Fried Pizza With Mushrooms, For Real - Sweet Potato Chronicles - Sweet Potato Chronicles

Fried Pizza With Mushrooms, For Real

We make pizza at home quite a bit. Our gro­cery store (the fab, fab, fab Fiesta Farms in Toronto) car­ries fresh reg­u­lar and whole wheat pizza dough which makes it a really easy meal, par­tic­u­larly on days when I real­ize I haven't taken any­thing out of the freezer. Again. Why, oh why, is that so hard? It's not like din­ner doesn't hap­pen every sin­gle day. I've been cast­ing about for some­thing new with piz­zas and came across a great idea from — no sur­prise — Jamie Oliver. I know fried pizza sounds like over kill but it's much lighter than it sounds. Fry­ing makes the nice crust nice and crisp — some­thing I strug­gle with in a reg­u­lar oven. I made these over the course of a day. I sauteed the mush­rooms after break­fast, made the sauce dur­ing after­noon nap and assem­bled the whole thing just before dinner.

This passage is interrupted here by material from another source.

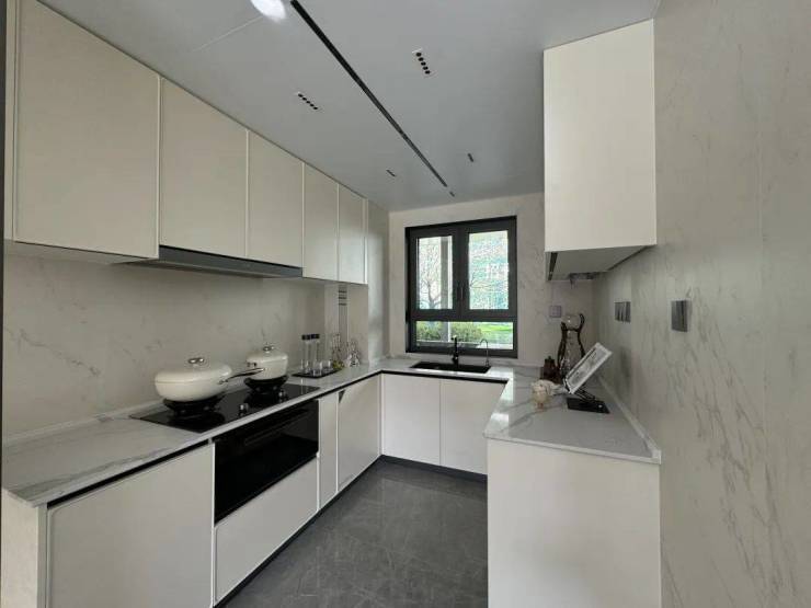 厨房移门是类似于水波纹的三移门,不占空间,上轨道设计,更易于日常清扫。
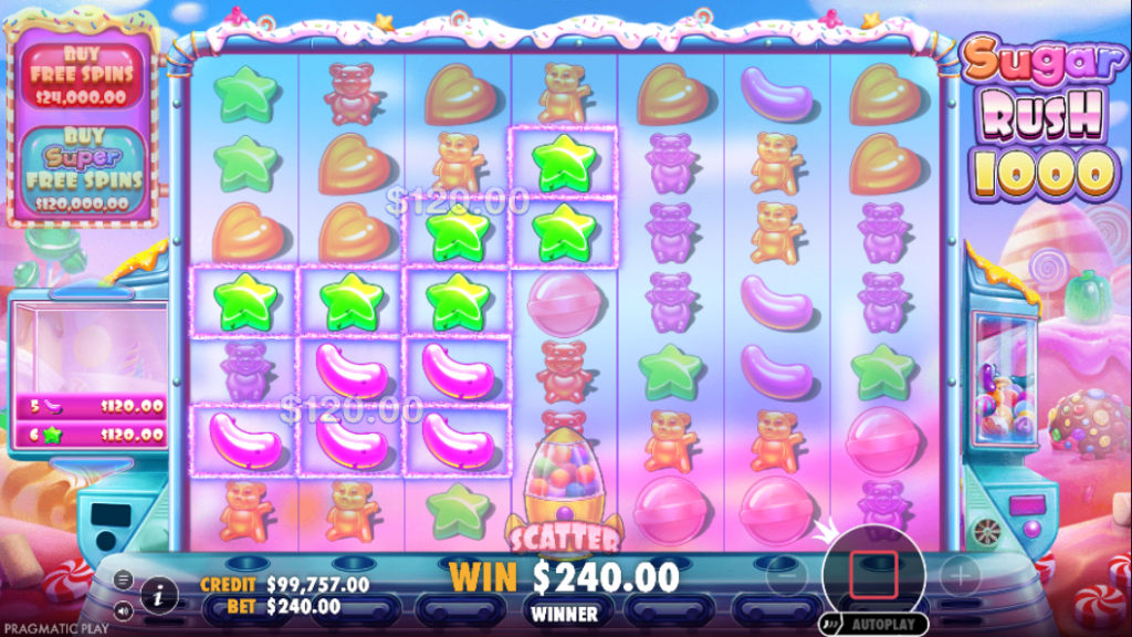I modsætning til traditionelle spilleautomater, der bruger betalingslinjer, er Sugar Rush 1000 baseret på et cluster pays-system. Gevinster opnås ved at lande grupper af matchende symboler, der forbinder enten vandret eller lodret. Jo større klyngen er, desto højere bliver udbetalingen.

Fried Pizza With Mush­rooms


1 glug of olive oil
2 cloves gar­lic
1 tin plum toma­toes
good pinch of fresh or dried oregano
salt and pep­per to taste
20 or so mush­rooms, cleaned and sliced. I used Crem­ini, Shi­take and Oys­ter but any mix would do
1 cup approx­i­mately of fresh boc­cancini or moz­zarella
1 table­spoon fresh herbs, cleaned and chopped. I used oregano and thyme but basil would have been great, too

Method

Sautee gar­lic in olive oil until it smells great but does not brown. Add canned toma­toes and herbs. Allow to sim­mer for about 20 min­utes. Keep mash­ing toma­toes to help them break down. I used a potato masher this time and it worked really well. Set aside.

Sautee mush­rooms in a drop of olive oil until they are soft. They'll stick at first until they kick off a bit of moisture.

Slice your moz­zarella or bocancini.

Have all your ingre­di­ents ready to go — assem­bly line style — when the doug is fried. Pre­heat oven to 475 to 500 degrees.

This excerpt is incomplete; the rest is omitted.